Ein Long Call ist der Kauf einer Kaufoption: Du zahlst eine Prämie und erhältst dafür das Recht, einen Basiswert bis zum Verfallstag zu einem festen Preis zu kaufen. Dein Verlust ist auf die Prämie begrenzt, dein Gewinn nach oben offen – aber du verdienst erst oberhalb von Strike plus Prämie.
Der Long Call ist die Position, mit der die meisten Optionshändler anfangen. Begrenztes Risiko, unbegrenzte Chance, kleiner Kapitaleinsatz – das klingt nach dem Besten von allem. Was in den meisten Erklärungen fehlt: Beim Long Call arbeiten Zeit und Volatilität gegen dich, und statistisch stehst du auf der Seite mit dem strukturellen Nachteil. Dieser Artikel erklärt beide Hälften.
- Der Long Call ist eine der vier Grundpositionen im Optionshandel, neben Short Call, Long Put und Short Put.
- Du kaufst ein Recht, keine Pflicht. Ausüben musst du nie.
- Maximaler Verlust: die gezahlte Prämie. Maximaler Gewinn: theoretisch unbegrenzt.
- Break-even: Strike plus Prämie pro Aktie. Ein steigender Kurs allein genügt nicht.
- Zeitwertverfall und ein Rückgang der impliziten Volatilität kosten dich Geld, auch wenn der Kurs stillsteht.
- Über lange Zeiträume liegt die implizite Volatilität höher als die tatsächlich eintretende. Als Käufer zahlst du im Erwartungswert etwas zu viel.
Was ist ein Long Call?
Ein Long Call ist der Kauf einer Call-Option. Du erwirbst gegen eine Prämie das Recht, 100 Stück eines Basiswerts zu einem vorher festgelegten Preis – dem Strike – zu kaufen. Die Gegenseite, der Verkäufer des Calls, hat kein Wahlrecht: Er muss liefern, wenn du ausübst, und behält in jedem Fall die Prämie.

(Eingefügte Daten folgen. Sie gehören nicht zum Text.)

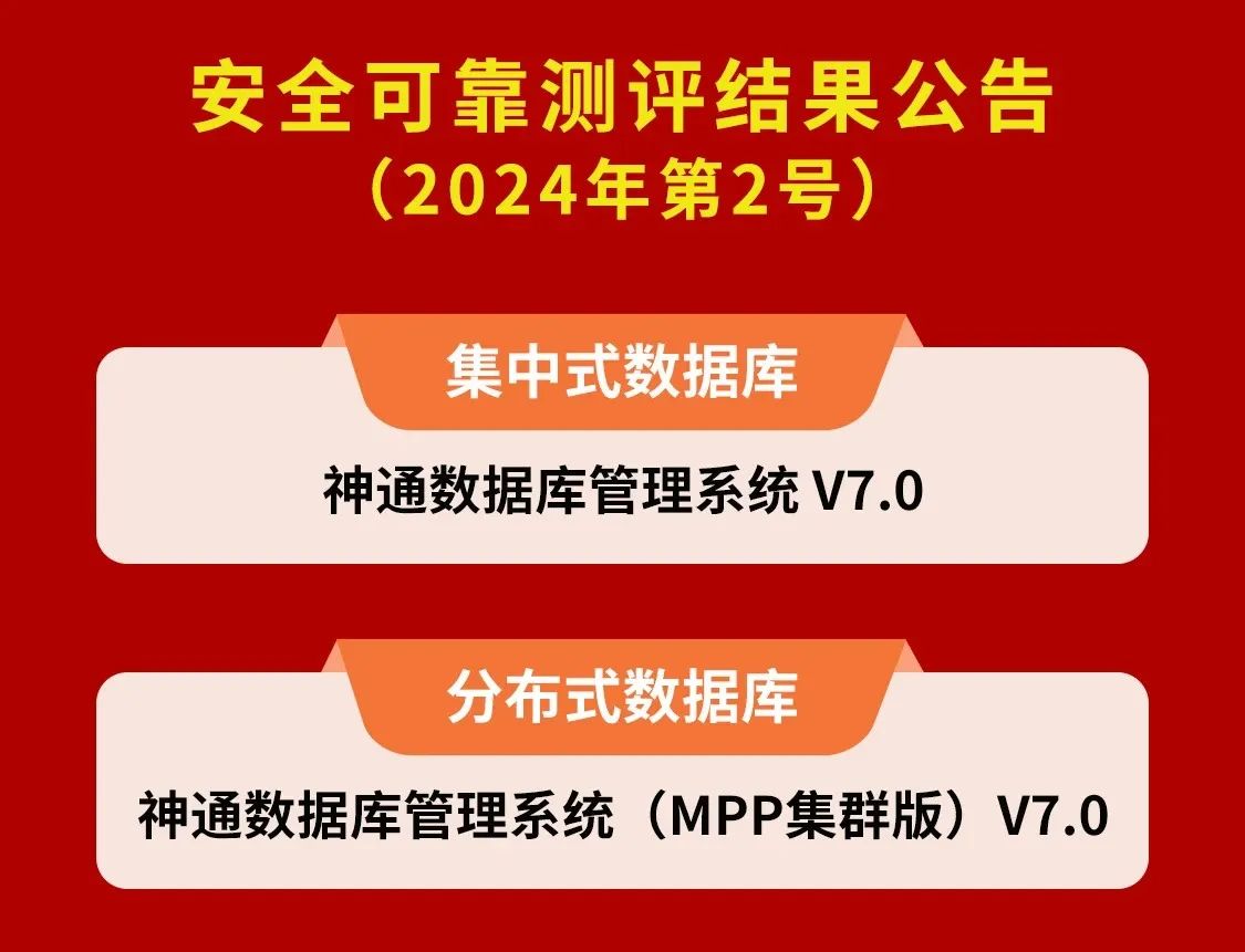 神通數據庫新版本通過安全可靠測評!

Aus vier Grundpositionen setzt sich jede weiterführende Optionsstrategie zusammen. Der Long Call ist die einzige davon mit begrenztem Risiko und nach oben offener Chance.
| Merkmal | Long Call |
|---|---|
| Markterwartung | steigend, deutlich, zeitnah |
| Position | Käufer (long) |
| Maximaler Gewinn | theoretisch unbegrenzt |
| Maximaler Verlust | gezahlte Prämie |
| Break-even | Strike + Prämie pro Aktie |
| Zeitwert arbeitet | gegen dich |
| Implizite Volatilität | steigende IV hilft, fallende IV schadet |
| Basiswerte | Aktien, ETFs, Indizes, Futures |
Wie funktioniert der Long Call?
Steigt der Kurs über den Strike, gewinnt der Call an innerem Wert. Bleibt er darunter, verfällt er wertlos und die Prämie ist verloren. Dazwischen liegt der Bereich, den fast jede Erklärung überspringt.
Der Break-even ist die entscheidende Zahl
Break-even = Strike + gezahlte Prämie pro Aktie.
Bei Strike 230 $ und 5,00 $ Prämie liegt der Break-even bei 235 $. Zwischen 230 und 235 ist die Option im Geld – und du machst trotzdem Verlust. Genau in diesem Bereich landen viele erste Trades: Richtung richtig, Ergebnis negativ.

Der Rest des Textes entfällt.